In terms of general health, 32% in the UK said they had a ‘long-standing health condition’, while 73% of UK respondents said their health was good, 11% above the global average and fifth highest on the table. Unfortunately the forward outlook isn’t as rosy, with just 8% of respondents in the UK, the lowest of all 23 countries surveyed, saying they thought that the ‘quality of healthcare that you and your family will have access to locally will improve’ versus the 47% who expected quality of healthcare to get worse. This is a trend across the West with similar figures in our nearest neighbours, and is illustrative of what the report calls "the optimism divide" between Western democracies and the emerging markets.
So what does this all mean, and specifically, what does it mean to you? Well… that depends.
One trend that you might be able to relate to is the desire to want more control over health decisions; globally 77% of people agreed. Here in the UK, you might be surprised to read, it was just 68%. A glance across the 23 countries surveyed reveals a correlation between advanced healthcare systems and lower scores for this question. When the survey goes into specifics it is clear that wanting control is a priority for us in the UK. For example, an above average 72% (global average: 61%) said they always try to find out information on their healthcare themselves, rather than relying on what a doctor tells them.
While we want more control, we also have trust in the system and in the professionals who provide it. 69% of Britons rated the quality of available healthcare as good compared to the global average of 47%, giving us the 5th highest rated health system. A below average 66% (global average: 70%) said they would look for additional information on any medication they were prescribed, and 82% (global average: 86%) said they would seek a second opinion if they had doubts about their doctor’s diagnosis, making us the second most trusting nation behind Japan. Of course, what the report suggests is trust may just be a symptom of confusion as just 65% said they know they can find the right information to make the right decisions and choices about their health, which although average, will be disappointing to many reading this.

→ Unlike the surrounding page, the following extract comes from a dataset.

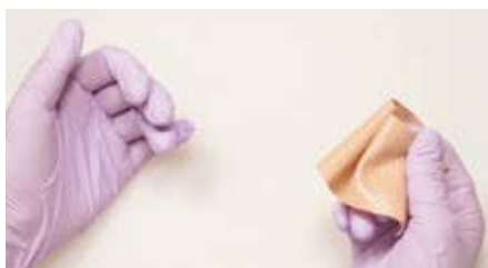
接着面同士がくっついてしまう

伸縮テープの剥離紙を剥がす時に剥がしにくかったり、接着面同士がくっついてしまうことはありませんか？

One quote that jumped out at me was that “the volume of health data is projected to balloon to 2.3 Exabyte’s (2.3 billion gigabytes) by 2020 – growing 48% per year and outpacing the growth of big data overall.”
Where will all this data come from? From your personal health device of course. Currently only 11% of UK respondents use a personal health device, and 7% formerly have. Respondents were asked how likely they were to use a personal health device if they were recommended to use one by a range of sources. In the UK, 54% versus 29% would if their pharmacist recommended; 73% versus 13% would if their doctor recommended; 42% versus 32% if their insurance company recommended; 37% versus 40% if a friend or family member recommended; and 64% versus 19% (second highest globally) if a nurse recommended.
The report focuses on eight main themes, one of which is a healthier world, but it is difficult to take even the health data in isolation. We live in a connected and complex world where healthcare is inevitably tied to endless other factors. Although it’s difficult to comprehend, this IPSOS report will give you a digestible comparative snapshot of where we are now and where we are likely to go.